Library Insights now has charts for By Country, By State / Region, By Appellation / AVA, Bottle Age, Consumption Over Time, What You Actually Drink, and Removal Reasons — alongside the existing varietal, vintage, and drinking-window views. Each chart drills down into a filtered cellar list. Available to Collector tier and above.
Library Insights launched with a small set of charts focused on what’s in your cellar. We knew almost immediately that there was a whole other set of questions worth answering: what do I actually drink, versus what I just collect? — am I building a regional cellar without realizing it? — which bottles am I letting age too long?. Those questions need a richer set of aggregations.

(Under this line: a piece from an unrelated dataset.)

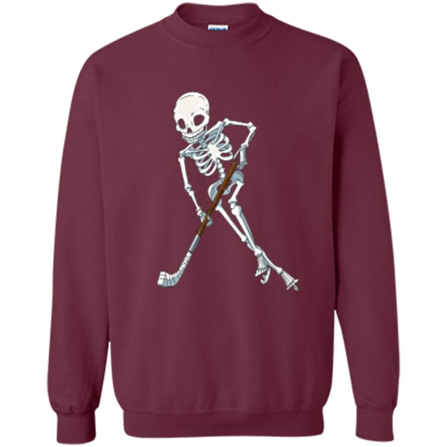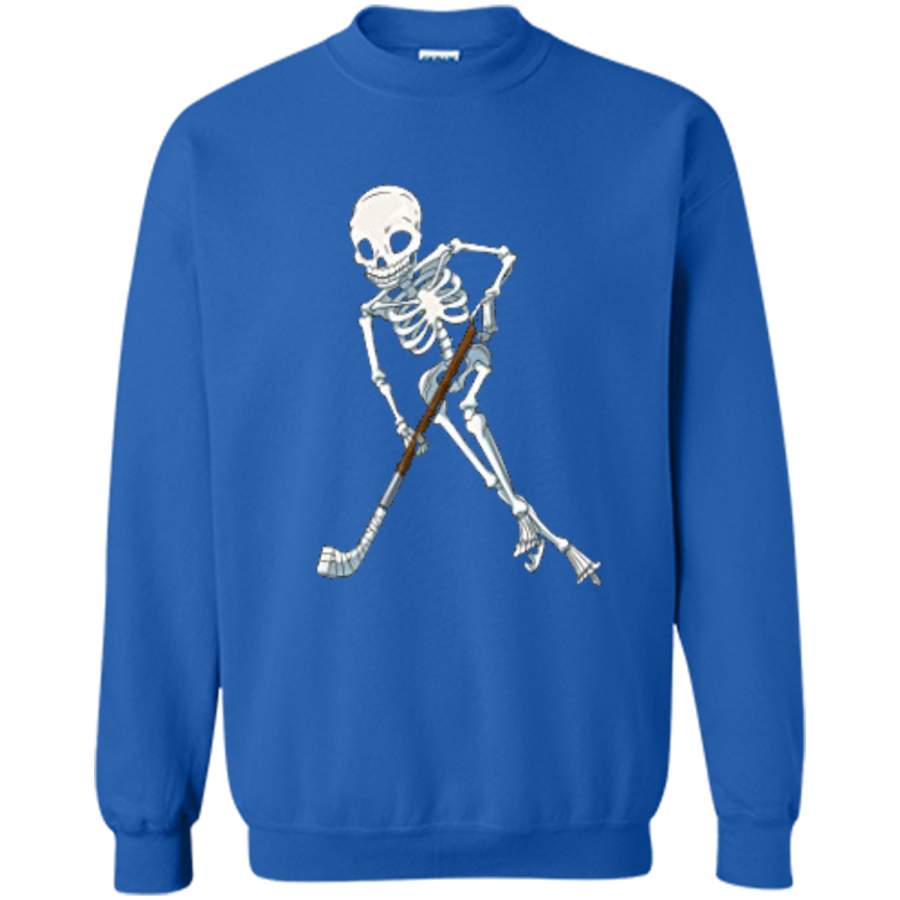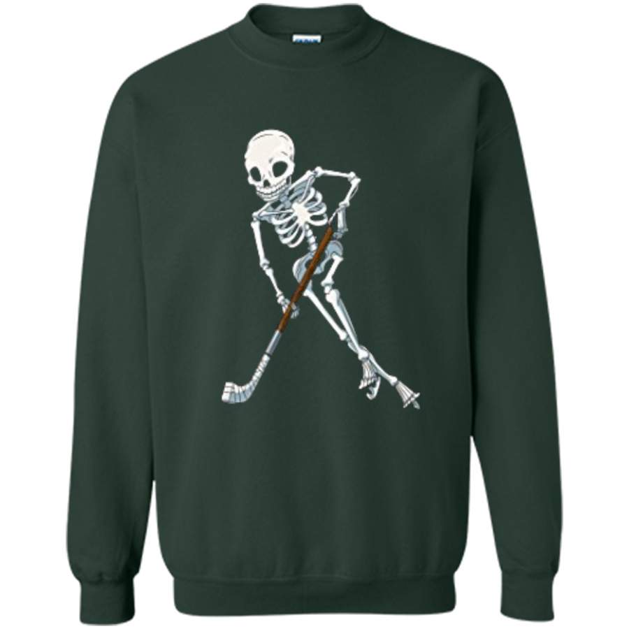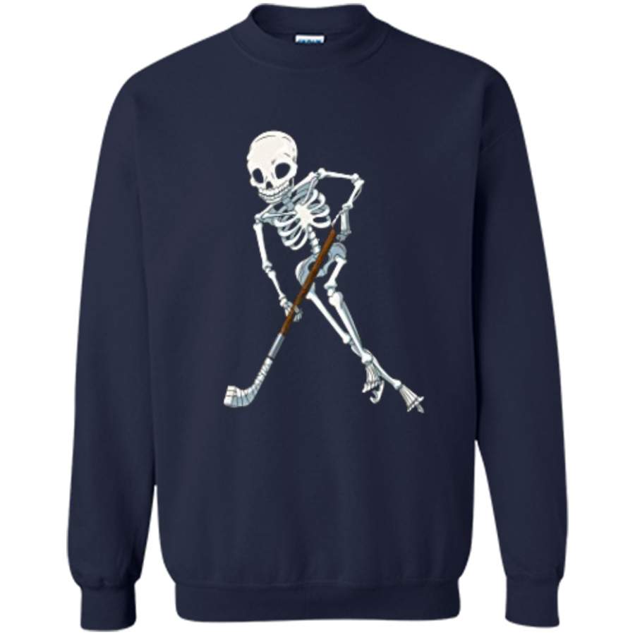 Skeleton Ice Hockey Halloween Funny Skull Gifts Tees Printed Crewneck Pullover Sweatshirt

Seven new charts answer them. Geography breaks down into a donut of countries, then bar charts by state/region and by appellation. Bottle Age plots a histogram across age buckets (0-2y, 3-5y, 6-10y, 11-20y, 21+y, plus NV) so you can spot a cellar that’s gone heavy on one end. Consumption Over Time is a 24-month line of how many bottles you actually drank each month. What You Actually Drink filters your removals to drinking-only and shows the varietal mix — often very different from what you own. Removal Reasons splits drinking / gifted / returned / other so you can see what’s leaving your cellar and why.
Each chart drills into a filtered cellar list — tap a slice and you see the bottles behind that number.
“What You Actually Drink” is the chart that surprises most people. The varietal mix of what you remove for drinking often diverges sharply from what you store. Cellars biased toward big reds, but actual consumption that skews lighter and more varied — that kind of pattern. You don’t see it until you put both views next to each other.
We also fixed a silent truncation bug along the way. Drill-downs from these charts run through a paginated cellar query, and a multi-appellation listing was causing the underlying join to multiply rows — we were inadvertently capping a 73-row result at 20 entries. Fixed, and we added a regression test that catches it in the future.